What to work on: The reply should contain every line of the data, repeated exactly, and no pictures.

Provided material:
· · · ·

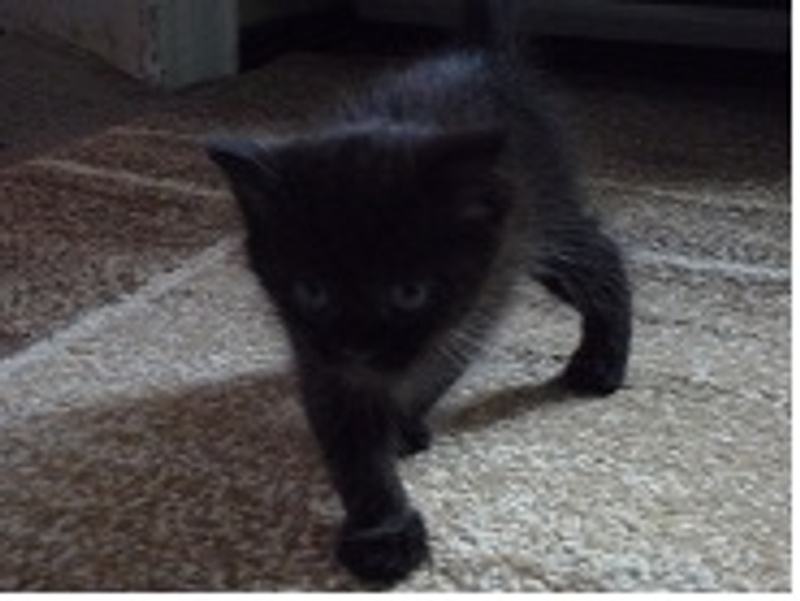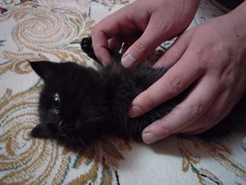 Здравствуйте! Отдадим в хорошие руки тёмного (почти чёрного), пушистого котёночка, мальчик. Такой игривый и забавный, ему сейчас 1,5 месяца, любознательный и смышлёный.
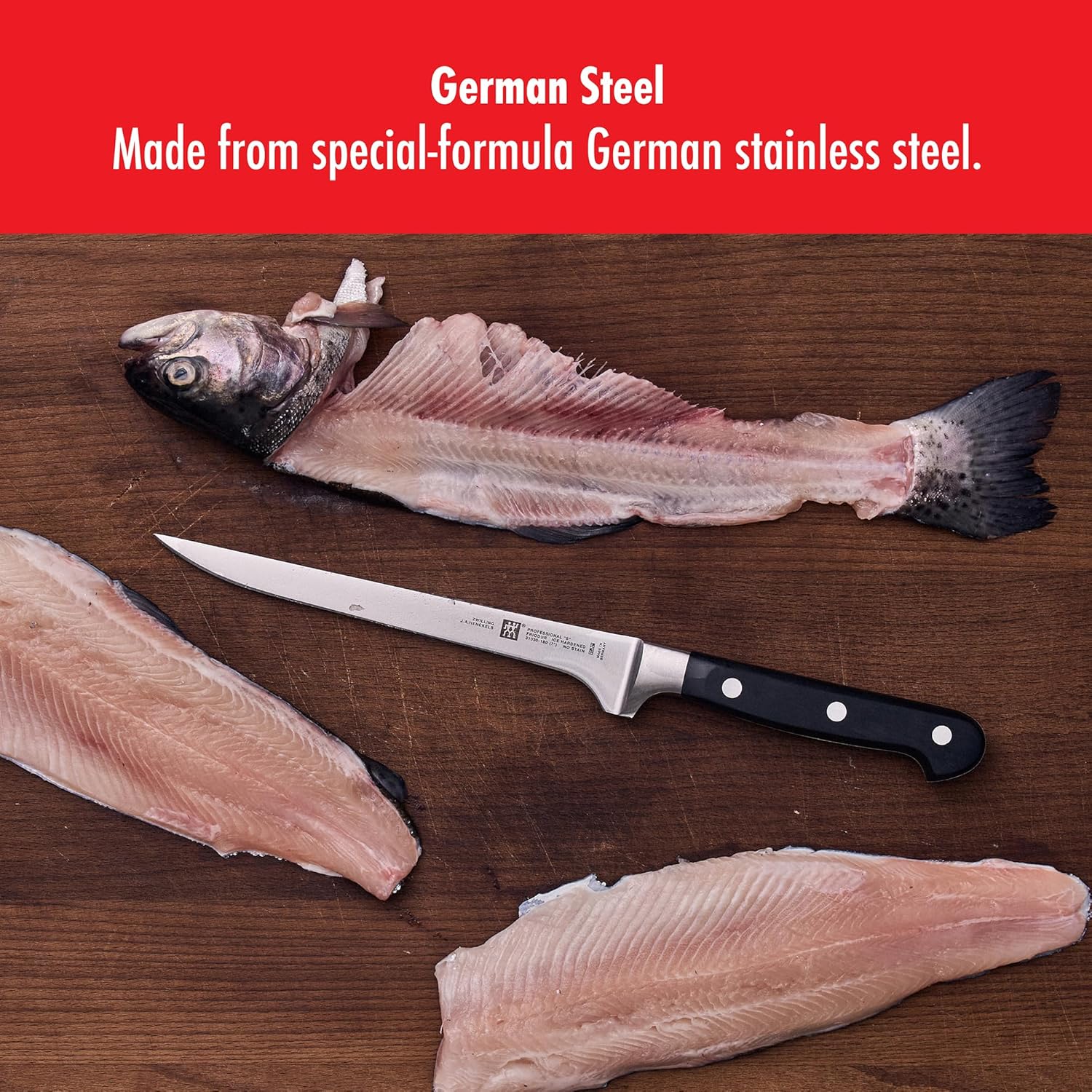 honed and hand-finished by the most skilled artisans, the knives' laser-controlled edge is incredibly sharp. The sturdy bolster provides the right balance and acts as a finger guard. Precision-forged from a single piece of solid steel, these threerivet handle knives deliver optimum balance and safe handling. Professional chefs worldwide trust the tradition and quality of these impressive knives.
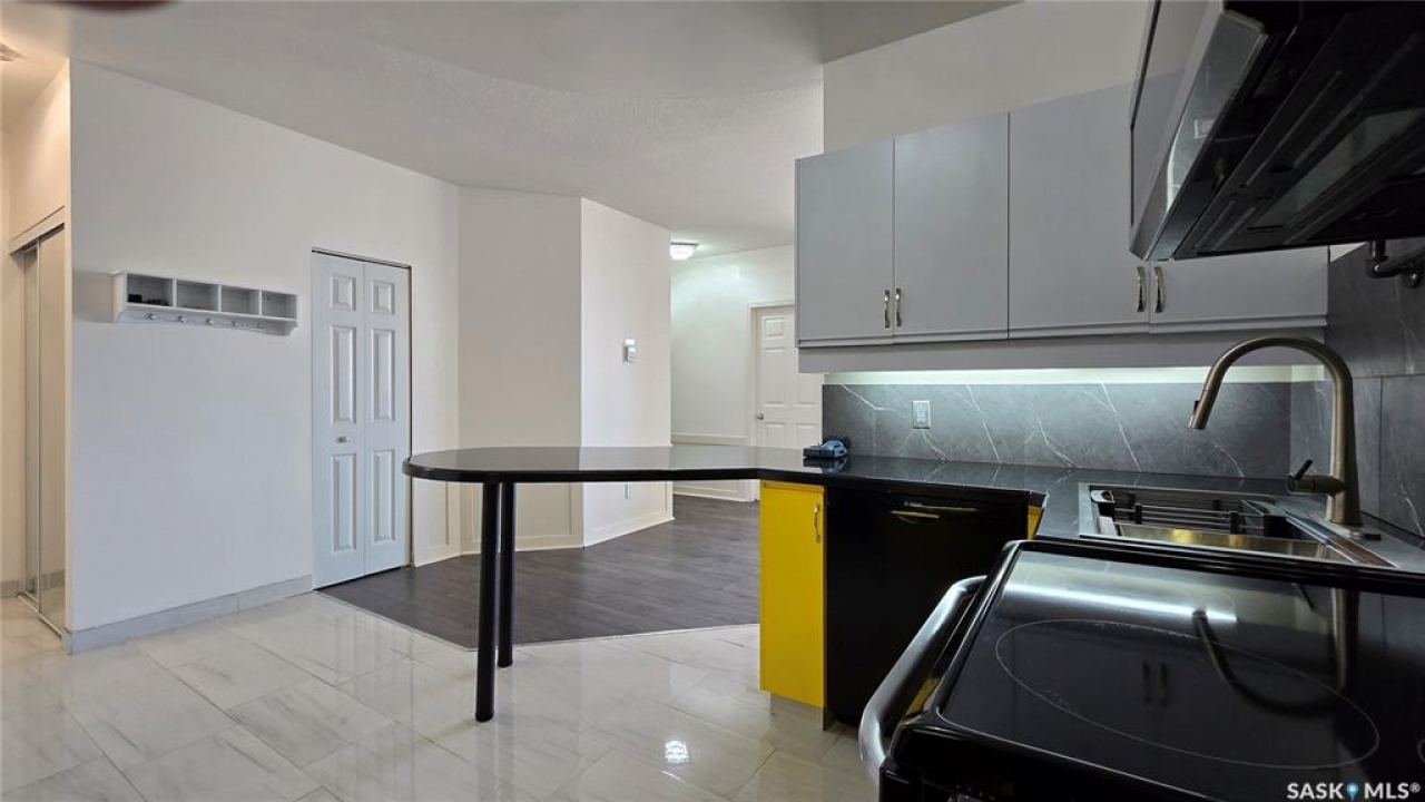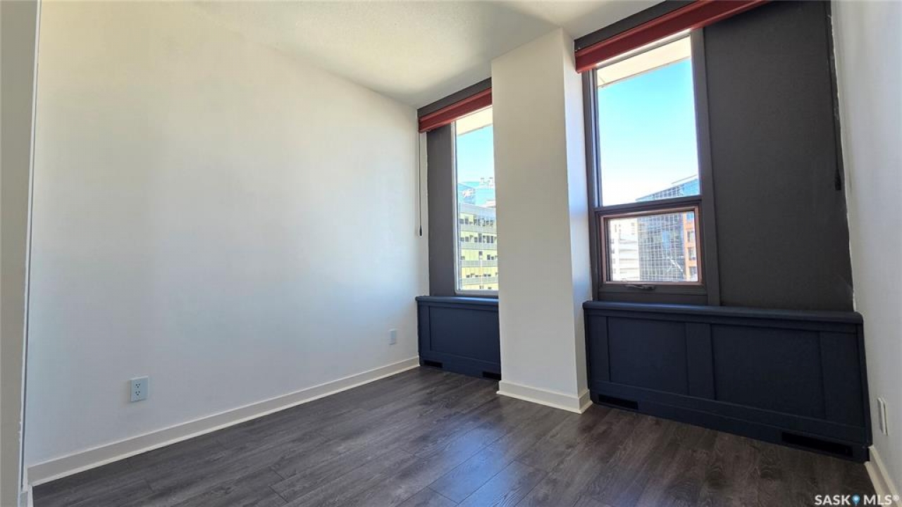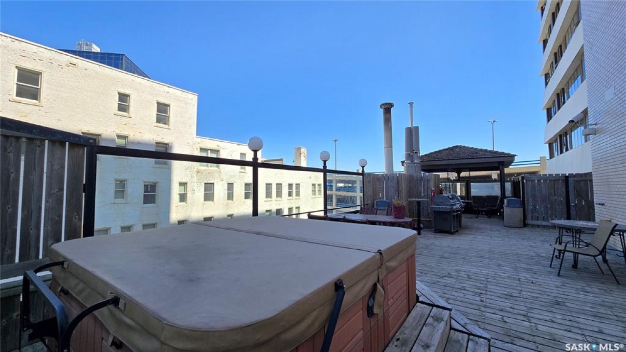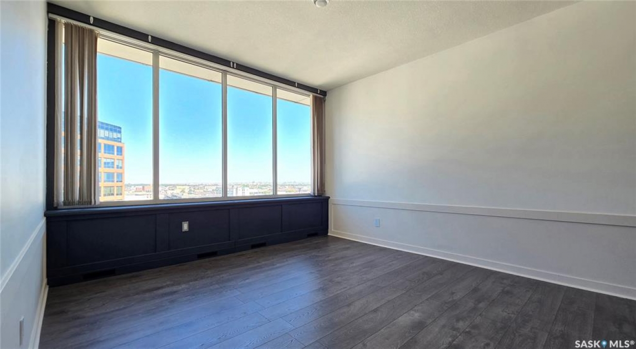 This high rise condo is securely nestled in downtown Regina, and offers an urban and convenient lifestyle. The Hamilton building is a well-known Regina staple, and by purchasing this bright and well updated 2 bedroom condo, you'll gain access to a plethora of amenities, not limited to; Gated and secure parking, fully outfitted gym, large amenities room for lounging and hosting, designated storage area, and of course the outdoor patio and garden area, complete with BBQ and hot tub. This unit is freshly painted with new laminate flooring throughout. The kitchen offers ample cupboard and counter space, stainless steel appliances, and a built in dishwasher. The main bath has been updated with new vanity, sink, fixtures, and backsplash. Both bedrooms face North and offer wonderful views of the city. The primary bedroom is tastefully wallpapered and boasts its own 4 piece ensuite, with updated vanity, sink, and fixtures. Other features of this condo include smart plugs and light switches, tasteful custom built coverings for the radiators, modern light fixtures, and custom blinds. Be right in the action of downtown, and enjoy the safety of being 8 floors up, with your vehicle in a completely gated lot, and even a concierge in the lobby to handle your deliveries.
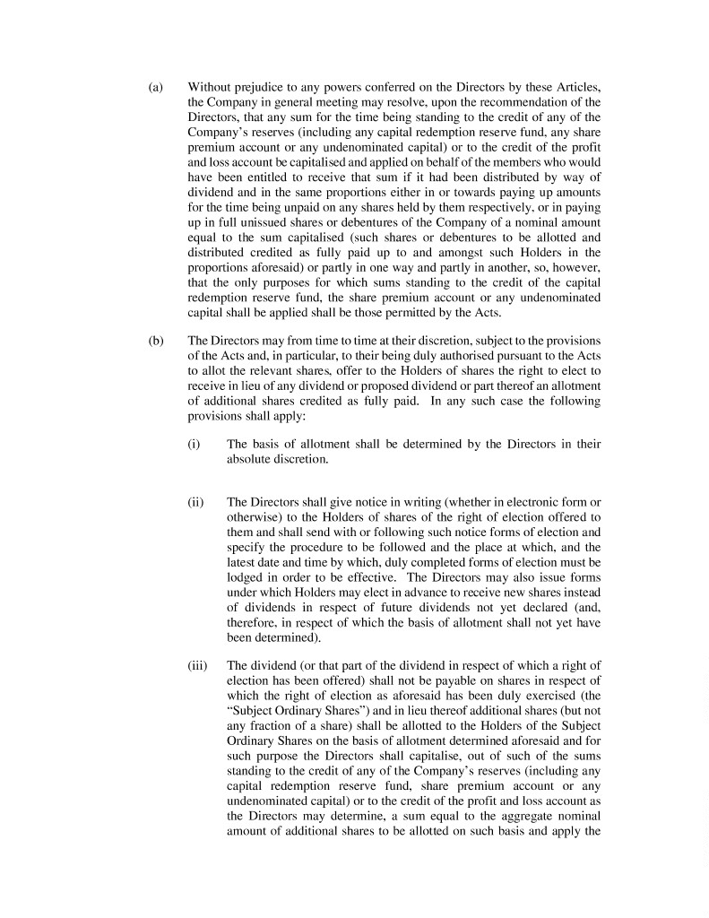 (a) Without prejudice to any powers conferred on the Directors by these Articles, the Company in general meeting may resolve, upon the recommendation of the Directors, that any sum for the time being standing to the credit of any of the Company’s reserves (including any capital redemption reserve fund, any share premium account or any undenominated capital) or to the credit of the profit and loss account be capitalised and applied on behalf of the members who would have been entitled to receive that sum if it had been distributed by way of dividend and in the same proportions either in or towards paying up amounts for the time being unpaid on any shares held by them respectively, or in paying up in full unissued shares or debentures of the Company of a nominal amount equal to the sum capitalised (such shares or debentures to be allotted and distributed credited as fully paid up to and amongst such Holders in the proportions aforesaid) or partly in one way and partly in another, so, however, that the only purposes for which sums standing to the credit of the capital redemption reserve fund, the share premium account or any undenominated capital shall be applied shall be those permitted by the Acts. (b) The Directors may from time to time at their discretion, subject to the provisions of the Acts and, in particular, to their being duly authorised pursuant to the Acts to allot the relevant shares, offer to the Holders of shares the right to elect to receive in lieu of any dividend or proposed dividend or part thereof an allotment of additional shares credited as fully paid. In any such case the following provisions shall apply: (i) The basis of allotment shall be determined by the Directors in their absolute discretion. (ii) The Directors shall give notice in writing (whether in electronic form or otherwise) to the Holders of shares of the right of election offered to them and shall send with or following such notice forms of election and specify the procedure to be followed and the place at which, and the latest date and time by which, duly completed forms of election must be lodged in order to be effective. The Directors may also issue forms under which Holders may elect in advance to receive new shares instead of dividends in respect of future dividends not yet declared (and, therefore, in respect of which the basis of allotment shall not yet have been determined). (iii) The dividend (or that part of the dividend in respect of which a right of election has been offered) shall not be payable on shares in respect of which the right of election as aforesaid has been duly exercised (the “Subject Ordinary Shares”) and in lieu thereof additional shares (but not any fraction of a share) shall be allotted to the Holders of the Subject Ordinary Shares on the basis of allotment determined aforesaid and for such purpose the Directors shall capitalise, out of such of the sums standing to the credit of any of the Company’s reserves (including any capital redemption reserve fund, share premium account or any undenominated capital) or to the credit of the profit and loss account as the Directors may determine, a sum equal to the aggregate nominal amount of additional shares to be allotted on such basis and apply the

· · · ·

Output of the exercise:
 Здравствуйте! Отдадим в хорошие руки тёмного (почти чёрного), пушистого котёночка, мальчик. Такой игривый и забавный, ему сейчас 1,5 месяца, любознательный и смышлёный.
 honed and hand-finished by the most skilled artisans, the knives' laser-controlled edge is incredibly sharp. The sturdy bolster provides the right balance and acts as a finger guard. Precision-forged from a single piece of solid steel, these threerivet handle knives deliver optimum balance and safe handling. Professional chefs worldwide trust the tradition and quality of these impressive knives.
 This high rise condo is securely nestled in downtown Regina, and offers an urban and convenient lifestyle. The Hamilton building is a well-known Regina staple, and by purchasing this bright and well updated 2 bedroom condo, you'll gain access to a plethora of amenities, not limited to; Gated and secure parking, fully outfitted gym, large amenities room for lounging and hosting, designated storage area, and of course the outdoor patio and garden area, complete with BBQ and hot tub. This unit is freshly painted with new laminate flooring throughout. The kitchen offers ample cupboard and counter space, stainless steel appliances, and a built in dishwasher. The main bath has been updated with new vanity, sink, fixtures, and backsplash. Both bedrooms face North and offer wonderful views of the city. The primary bedroom is tastefully wallpapered and boasts its own 4 piece ensuite, with updated vanity, sink, and fixtures. Other features of this condo include smart plugs and light switches, tasteful custom built coverings for the radiators, modern light fixtures, and custom blinds. Be right in the action of downtown, and enjoy the safety of being 8 floors up, with your vehicle in a completely gated lot, and even a concierge in the lobby to handle your deliveries.
 (a) Without prejudice to any powers conferred on the Directors by these Articles, the Company in general meeting may resolve, upon the recommendation of the Directors, that any sum for the time being standing to the credit of any of the Company’s reserves (including any capital redemption reserve fund, any share premium account or any undenominated capital) or to the credit of the profit and loss account be capitalised and applied on behalf of the members who would have been entitled to receive that sum if it had been distributed by way of dividend and in the same proportions either in or towards paying up amounts for the time being unpaid on any shares held by them respectively, or in paying up in full unissued shares or debentures of the Company of a nominal amount equal to the sum capitalised (such shares or debentures to be allotted and distributed credited as fully paid up to and amongst such Holders in the proportions aforesaid) or partly in one way and partly in another, so, however, that the only purposes for which sums standing to the credit of the capital redemption reserve fund, the share premium account or any undenominated capital shall be applied shall be those permitted by the Acts. (b) The Directors may from time to time at their discretion, subject to the provisions of the Acts and, in particular, to their being duly authorised pursuant to the Acts to allot the relevant shares, offer to the Holders of shares the right to elect to receive in lieu of any dividend or proposed dividend or part thereof an allotment of additional shares credited as fully paid. In any such case the following provisions shall apply: (i) The basis of allotment shall be determined by the Directors in their absolute discretion. (ii) The Directors shall give notice in writing (whether in electronic form or otherwise) to the Holders of shares of the right of election offered to them and shall send with or following such notice forms of election and specify the procedure to be followed and the place at which, and the latest date and time by which, duly completed forms of election must be lodged in order to be effective. The Directors may also issue forms under which Holders may elect in advance to receive new shares instead of dividends in respect of future dividends not yet declared (and, therefore, in respect of which the basis of allotment shall not yet have been determined). (iii) The dividend (or that part of the dividend in respect of which a right of election has been offered) shall not be payable on shares in respect of which the right of election as aforesaid has been duly exercised (the “Subject Ordinary Shares”) and in lieu thereof additional shares (but not any fraction of a share) shall be allotted to the Holders of the Subject Ordinary Shares on the basis of allotment determined aforesaid and for such purpose the Directors shall capitalise, out of such of the sums standing to the credit of any of the Company’s reserves (including any capital redemption reserve fund, share premium account or any undenominated capital) or to the credit of the profit and loss account as the Directors may determine, a sum equal to the aggregate nominal amount of additional shares to be allotted on such basis and apply the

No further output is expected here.